From the Fraser Institute
By Tegan Hill
With the tariff war continuing and the federal election underway, Canadians should understand what the last federal government seemingly did not—a strong Alberta makes for a stronger Canada.
And yet, current federal policies disproportionately and negatively impact the province. The list includes Bill C-69 (which imposes complex, uncertain and onerous review requirements on major energy projects), Bill C-48 (which bans large oil tankers off British Columbia’s northern coast and limits access to Asian markets), an arbitrary cap on oil and gas emissions, numerous other “net-zero” targets, and so on.
Meanwhile, Albertans contribute significantly more to federal revenues and national programs than they receive back in spending on transfers and programs including the Canada Pension Plan (CPP) because Alberta has relatively high rates of employment, higher average incomes and a younger population.
For instance, since 1976 Alberta’s employment rate (the number of employed people as a share of the population 15 years of age and over) has averaged 67.4 per cent compared to 59.7 per cent in the rest of Canada, and annual market income (including employment and investment income) has exceeded that in the other provinces by $10,918 (on average).
As a result, Alberta’s total net contribution to federal finances (total federal taxes and payments paid by Albertans minus federal money spent or transferred to Albertans) was $244.6 billion from 2007 to 2022—more than five times as much as the net contribution from British Columbians or Ontarians.
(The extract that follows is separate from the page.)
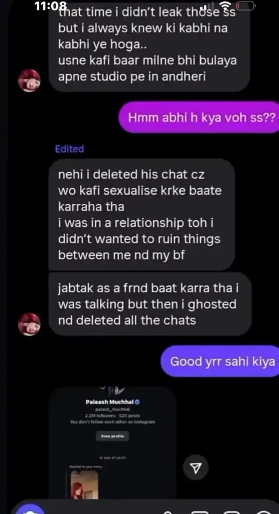 Enter the escalation: On November 27, 2025, an anonymous woman posted on r/IndiaCricketGossips, detailing her own ordeal with Palash. She accused him of “repeatedly trying to initiate inappropriate chats” on WhatsApp, pushing for sexual conversations despite knowing about his commitment to Smriti. “He invited me to his studio multiple times, which I refused,” she revealed, claiming he continued engaging with her Instagram stories – heart emojis on posts, persistent pings for “s*xual conversations.”
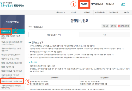 ▶①사업장 >> ②보험가입신고 >> ③자영업자 고용보험 가입신청 순으로 클릭

That’s a massive outsized contribution given Alberta’s population, which is smaller than B.C. and much smaller than Ontario.
Albertans’ net contribution to the CPP is particularly significant. From 1981 to 2022, Alberta workers contributed 14.4 per cent (on average) of total CPP payments paid to retirees in Canada while retirees in the province received only 10.0 per cent of the payments. Albertans made a cumulative net contribution to the CPP (the difference between total CPP contributions made by Albertans and CPP benefits paid to retirees in Alberta) of $53.6 billion over the period—approximately six times greater than the net contribution of B.C., the only other net contributing province to the CPP. Indeed, only two of the nine provinces that participate in the CPP contribute more in payroll taxes to the program than their residents receive back in benefits.
So what would happen if Alberta withdrew from the CPP?
For starters, the basic CPP contribution rate of 9.9 per cent (typically deducted from our paycheques) for Canadians outside Alberta (excluding Quebec) would have to increase for the program to remain sustainable. For a new standalone plan in Alberta, the rate would likely be lower, with estimates ranging from 5.85 per cent to 8.2 per cent. In other words, based on these estimates, if Alberta withdrew from the CPP, Alberta workers could receive the same retirement benefits but at a lower cost (i.e. lower payroll tax) than other Canadians while the payroll tax would have to increase for the rest of the country while the benefits remained the same.
Finally, despite any claims to the contrary, according to Statistics Canada, Alberta’s demographic advantage, which fuels its outsized contribution to the CPP, will only widen in the years ahead. Alberta will likely maintain relatively high employment rates and continue to welcome workers from across Canada and around the world. And considering Alberta recorded the highest average inflation-adjusted economic growth in Canada since 1981, with Albertans’ inflation-adjusted market income exceeding the average of the other provinces every year since 1971, Albertans will likely continue to pay an outsized portion for the CPP. Of course, the idea for Alberta to withdraw from the CPP and create its own provincial plan isn’t new. In 2001, several notable public figures, including Stephen Harper, wrote the famous Alberta “firewall” letter suggesting the province should take control of its future after being marginalized by the federal government.
The next federal government—whoever that may be—should understand Alberta’s crucial role in the federation. For a stronger Canada, especially during uncertain times, Ottawa should support a strong Alberta including its energy industry.